È per questo che Rapallo ha scelto di astenersi dal voto e non di bocciare la proposta. «Il nostro - precisa Di Antonio - è un segnale: con
l’astensione vogliamo far capire che, secondo noi, la strada intrapresa non è la migliore».
Diverso, ovviamente, il giudizio di Santa Margherita Ligure. Il progetto dell’amministrazione guidata dal sindaco Roberto De Marchi, infatti, è
quello di acquistare dalla Azienda sanitaria locale al prezzo concordato di 2 milioni di euro l’area antistante l’ospedale (circa 2.450 metri quadrati)

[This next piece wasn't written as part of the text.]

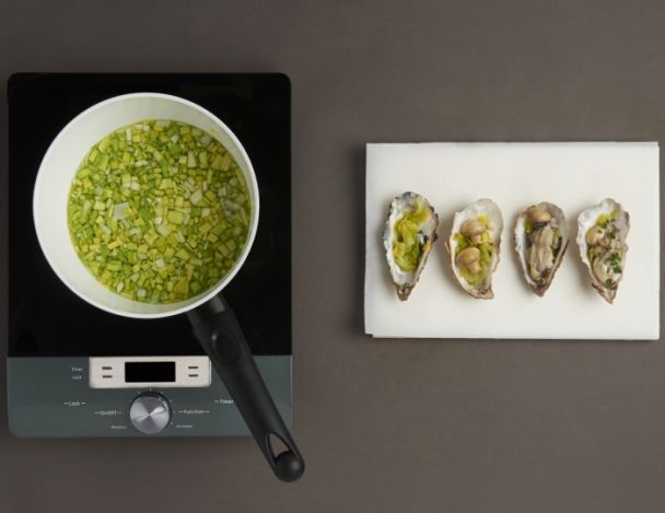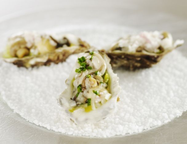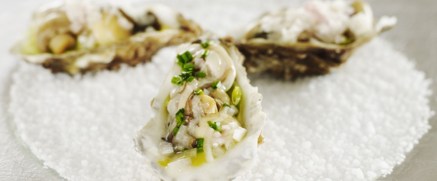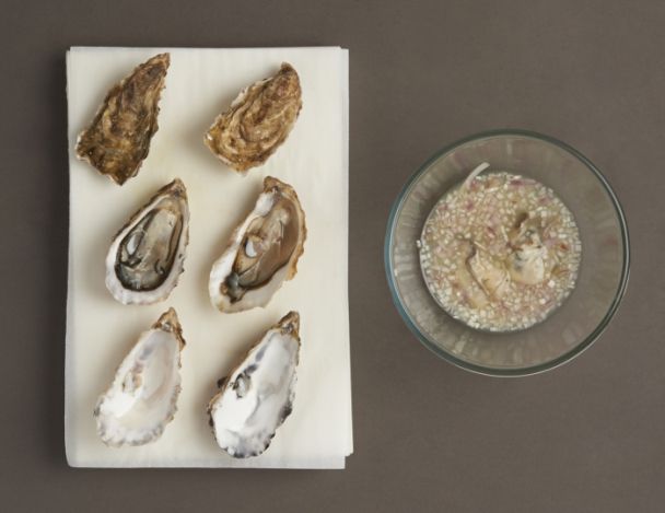 MoyenOuvrir les huîtres, les détacher de la coquille, réserver l'eau de mer et mariner les huîtres avec le citron. Rajouter l'huile d'olive et éventuellement détendre la marinade avec le restant d'eau des huîtres. Hacher très fin l'échalote, puis la mariner dans du citron.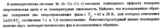 В монокристаллах системы Bi-Sr-Ca-Cu-Ο методом туннельного эффекта измерена энергетическая щель и ее температурная зависимость. Найдено, что исследованные образцы содержали две сверхпроводящие фазы с Тс = 65 и 28 К, для которых отношения 2А(0)!кТ составляли 7,1 и 7,0 соответственно. Рентгеноструктурный анализ подтвердил наличие двух монокристаллических фаз в исследованных образцах.

per realizzare 150 parcheggi interrati a rotazione e a pagamento, 50 posti auto a raso, in superficie e gratuiti, 100 box da vendere.
«Nel progetto di due anni fa la Asl 4 avrebbe venduto l’area ai privati - ricorda Mario Fracchia, assessore sammargheritese ai Lavori pubblici
- Con questa soluzione, invece, il Comune si sostituisce ai privati, aumenta il numero di posti auto a disposizione della città e ottiene anche una
struttura socio-sanitaria».
Nei due piani che la Asl cede in concessione al Comune, infatti, troveranno posto la nuova sede delle due pubbliche assistenze sammargheritesi,
dell’Avis, della protezione civile, della polizia municipale.
Paolo Cavagnaro, direttore generale Asl 4, rassicura chi teme una diminuzione di posti letto per la riabilitazione. «Il potenziamento della
rete dei servizi sociosanitari territoriali per la Asl e per il distretto socio-sanitario 14 del Tigullio Occidentale - dice - non può che coinvolgere
in maniera significativa il polo di Santa Margherita con un aumento dell’offerta di assistenza residenziale riabilitativa estensiva, 15 posti letto, e
di mantenimento, 71 posti, nonché dell’assistenza residenziale con un centro diurno».